What Does
Cathodic Modification Mean?
Cathodic modification is an anodic reaction retardation which results from the enhanced capability of alloys to undergo passivation through the active cathode introduction in the alloy. It is one method that allows production of alloys that are resistant to corrosion since the alloys’ resistance from electrochemical attack is enhanced.
Cathodic modification is typically seen with alloying titanium and stainless steel with certain metals such as the platinum group.

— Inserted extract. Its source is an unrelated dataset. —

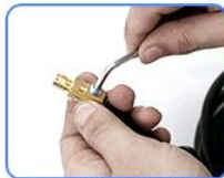
STEP5: 用铜线端子把剥好皮的铜线压紧

Corrosionpedia Explains Cathodic Modification
In the corrosion process, there are different ways wherein alloys that are resistant to corrosion can be formed or electrochemical attack resistance can be enhanced. These include:
- Increased thermodynamic stability
- Kinetic retardation involving the anodic process
- Kinetic retardation involving the cathodic process
- Generation of passivating and stable oxide layers
Thermodynamic stability involving steel can be elevated in limited cases. For instance, steel that contains chromium can be alloyed with molybdenum or nickel. Also, retardation of cathodic reaction can be done in several ways, like eradication of active positive impurities as well as increasing the cathodic process overvoltage. Examples of this are alloying metals like zinc or manganese to magnesium and antimony or arsenic to steel.
Passivating layers can be achieved through the addition of chromium, which is less stable relative to iron in terms of thermodynamics. Stainless steel technically derives its resistance to corrosion to the passivating oxide layers on top of the steel. Meanwhile, anodic reactions can be slowed down in many ways, like alloying nickel and iron steels with metals like chromium. This can also be achieved by the introduction of active cathodes into the alloy. One good example is alloying titanium and stainless steel with platinum-group metals (PGMs). This technique is referred to as cathodic modification.
In order to achieve cathodic modification, these requirements should be fulfilled:
- The base alloy should contain critical current density.
- The passivation potential of the base metal must be negative to permit the cathodic component to modify the corrosion potential.
- The base alloy’s transpassive potential must be electropositive for a broader passive range.
- The cathodic alloying material should have lower overvoltage and higher current density and must be resistant to corrosion under the situation.